This is the time I have the most to say, to write and yet it is the time when nothing wants to come out. There are no words, no sentences, paragraphs, pages to encompass the last week. The, um, highlight (that cannot be the right word) was, of course, climbing the volcano. I was terrified. Horrified. Afraid. I do not think that I have ever been so physically scared in my life. Marching up the side of the ice field for 2.5 hours, I shoke, held tight to Rodrigos hand, tried with all of my might to focus solely on his white footprints and place my own feet directly inside of them. What was I thinking??? I am terrfied of heights! I cannot deny the sense of accomplishment I felt, not when reaching the summit, but when my feet were firmly planted back on lower ground. I had faced my fear for the first and last time. That I know for sure.
We arrived in Santiago yesterday, after 11 hours on the bus, where I tried to sleep, read almost all of the Time Travelers Wife (now, that is what love is). We have a bathtub here. Even a little couch. It is warm and I can hear the fire of engines that always brings me home.
We spent a lot of time in a white house, soon to be a hostel, eating avocados, bread, cheese and these incredible tiny oranges, so sour and satisfying in Pucon. There were straw hats all over the wall and scorching hot water, a definitely dirty kitchen and a barbecue. We cooked Easter dinner, Julie and I, and Rodrigo invited us to stay in Chiloe with him. Of course Julie will go home, then to see Kwok in England. I, too, will go home, but there is always this part of me (the runaway part, the part that has picked up in strength and pace this past year) that lights up at such offers, that thinks warmly of daily bike rides and inhabiting a place that is not my own. But the truth is, I will follow me everywhere.

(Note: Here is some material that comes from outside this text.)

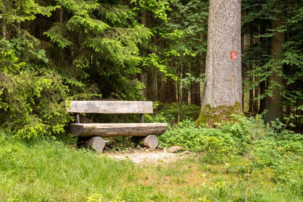 Wir starten am Further Waldkindergarten vorbei gleich bergab Richtung Bucher Graben und sehen bereits hier die Beschilderung des Wanderwegs Nr. 1 (weiße 1 auf rotem Grund) welcher wir während unserer ganzen Tour stets folgen werden. Aufgrund der guten Beschilderung durch den Bayerischen Wald-Verein, Sektion Landshut e. V., kann hier auf eine detaillierte Wegbeschreibung mit allen Abzweigungen verzichtet werden. Weiter unten findet man auch eine Druckversion der Routenbeschreibung und eine Karte!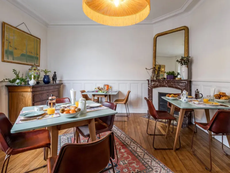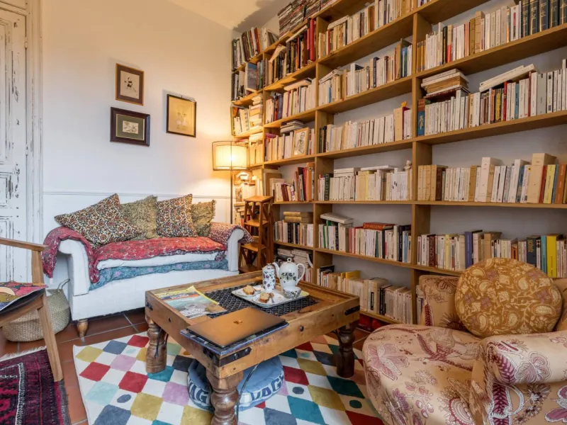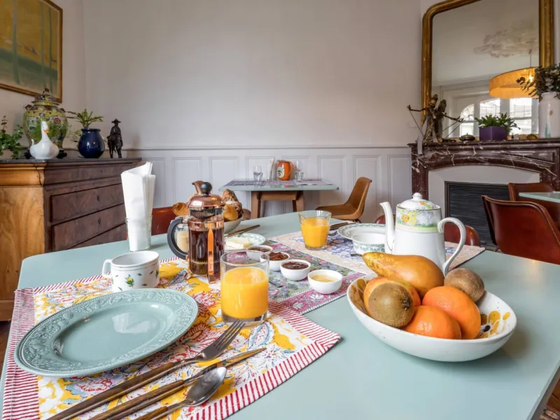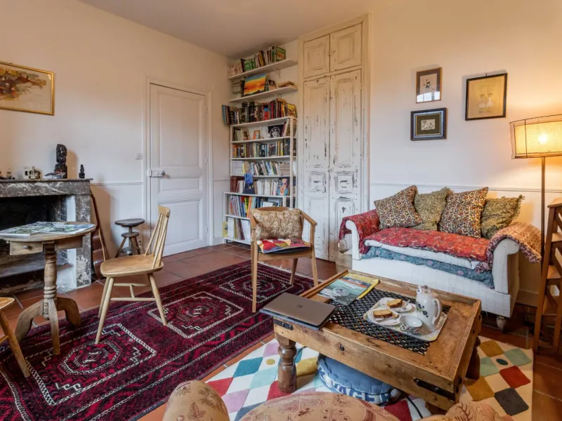 Au rez-de-chaussée : bibliothèque et séjour où est servi le petit-déjeuner maison (gâteaux, confitures, yaourts).

There was so much more in Pucon, so many other things I will not forget, but many of which I cannot bring myself to write out here and now.
I am excited to explore Santiago, to find great coffee (she says, as she sits in an internet cafe drinking nescafe...). I would be lying if I said that cities do not pull more at my heart than even the most beautiful of towns. We rode up along the Andes, I thought about the day with the gauchos, my mind wandered back to Buenos Aires and that felt like a different time, a different me. While I do, in some sense, want to run away from certain realities that I have to deal with, there is also a part of me that misses, more than ever, the warmest of places (not in terms of temperature but emotion), that can be found only in my own country, that continue to define home for me.